Tout le monde sait que, pour la validité des actes notariés, la loi exige la signature d'un second témoin. Généralement, à Paris et dans les grandes villes, les différents notaires envoient leurs actes à la signature d'un de leurs confrères, auquel ils rendent, de leur côté, pareil service; dans les petites localités, on se sert de témoins instrumentaires. Le clerc passe avec tous ses actes chez deux boutiquiers, voisins de l'étude, lesquels apposent leur signature, pa

raphent les renvois, et tout est dit. J'ai vu remplir cette formalité par des individus qui savaient tout juste écrire leur nom.

Une femme, fût-elle la plus intelligente, la plus instruite, la plus honorable des femmes, n'en pourrait faire autant. Elle ne serait pas admise.
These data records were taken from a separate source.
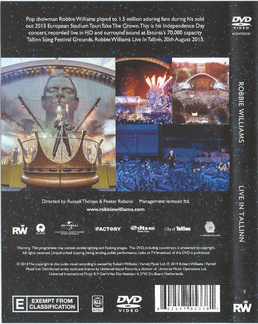 Robbie Williams - Live In Tallinn (DVD-V, NTSC) Format: DVD-V, NTSCYear: 2014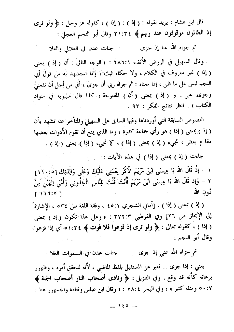وقال السهيلي في الروض الأنف 1: 286: «الوجه الثاني: أن (إذ) بمعنى (إذا) غير معروف في الكلام، ولا حكاه ثبت، وما استشهد به من قول أبي النجم ليس على ما ظن، إنما معناه: ثم جزاه ربي أن جزى، أي من أجل أن نفعني وجزى عني. و (إذ) بمعنى (أن) المفتوحة، كذا قال سيبويه في سواد الكتاب». انظر نتائج الفكر: 93.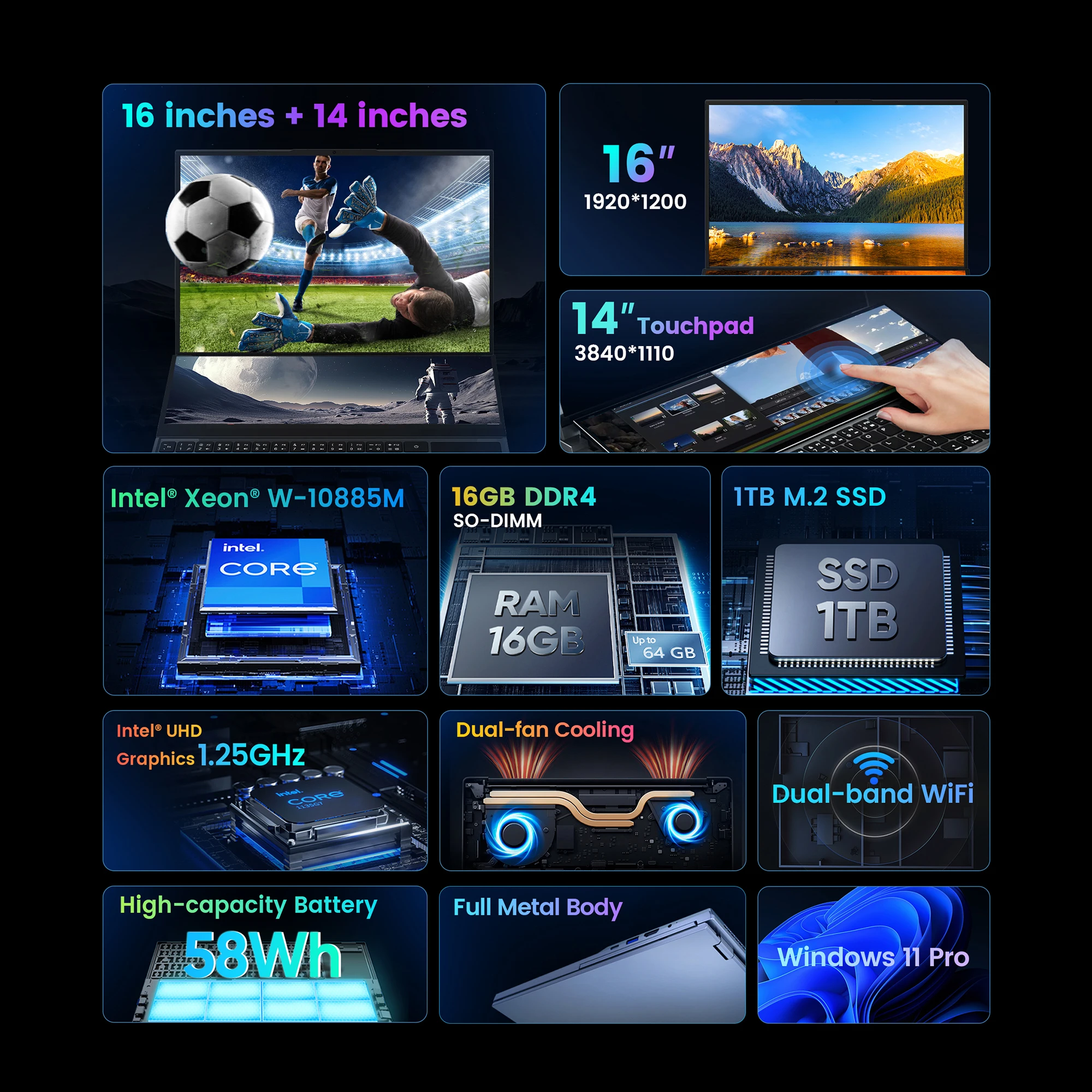 Utilizing a 16-inch + 14-inch ultra-thin bezel screen design,significantly enhancing screen real estate,enabling seamless multitasking at your whim.
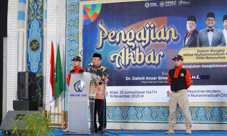 PWMJATENG.COM, PWM Jawa Tengah.com | Cilongok, Banyumas — Lebih dari lima ribu jamaah menghadiri Pengajian Akbar dan Muhammadiyah Award 2025 Banyumas di Kampus II MBS Zam-zam Cilongok, Ahad (16/11/2025). Acara yang menjadi rangkaian Semarak Milad ke-113 Muhammadiyah ini menghadirkan tausiyah Wakil Menteri Haji dan Umrah RI, Dr. H. Dahnil Azhar Simanjutak, S.E., M.E.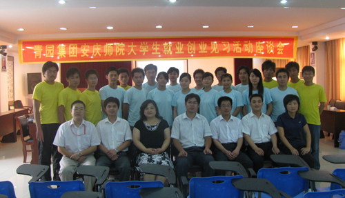 8月4日上午,beat365官网团委、安庆团市委与安徽青园集团共同举行的大学生就业创业见习活动座谈会在安徽青园集团会议室隆重举行。安庆团市委副书记郑志、安徽青园集团副总裁方洪波、人事经理叶张青、beat365官网团委副书记刘燕、朱新华以及beat365官网大学生就业创业实践队的20名同学等出席了座谈会,会议由宜秀区团委副书记倪白龄主持。

La loi s'y oppose.

Elle peut, pour son propre compte, signer les actes dans lesquels elle est partie contractante; mais, pour les actes des autres, pour cette formalité banale à laquelle suffit un simple palefrenier, la femme est déclarée incapable.

Voici un fait cité par le Journal des Économistes (décembre 1876):

<< Un vieillard venait de s'éteindre. Il avait quitté son pays natal dans la première jeunesse, sans conserver de relations; ses contemporains avaient disparu. Un certificat d'identité était nécessaire ; une femme honorable pouvait le donner: mais les femmes sont toujours mineures! On fit monter le concierge qui ne connaissait pas le défunt. Sa signature était valable. Pour tourner les difficultés, il fallut mentir à la loi. >>

Est-ce assez caractéristique?

Voilà donc où conduit l'application d'un principe absurde! La signature d'une femme honorable, affirmant un fait à sa connaissance personnelle, n'avait aucune valeur; la signature d'un concierge attestant ce qu'il ne savait pas faisait foi!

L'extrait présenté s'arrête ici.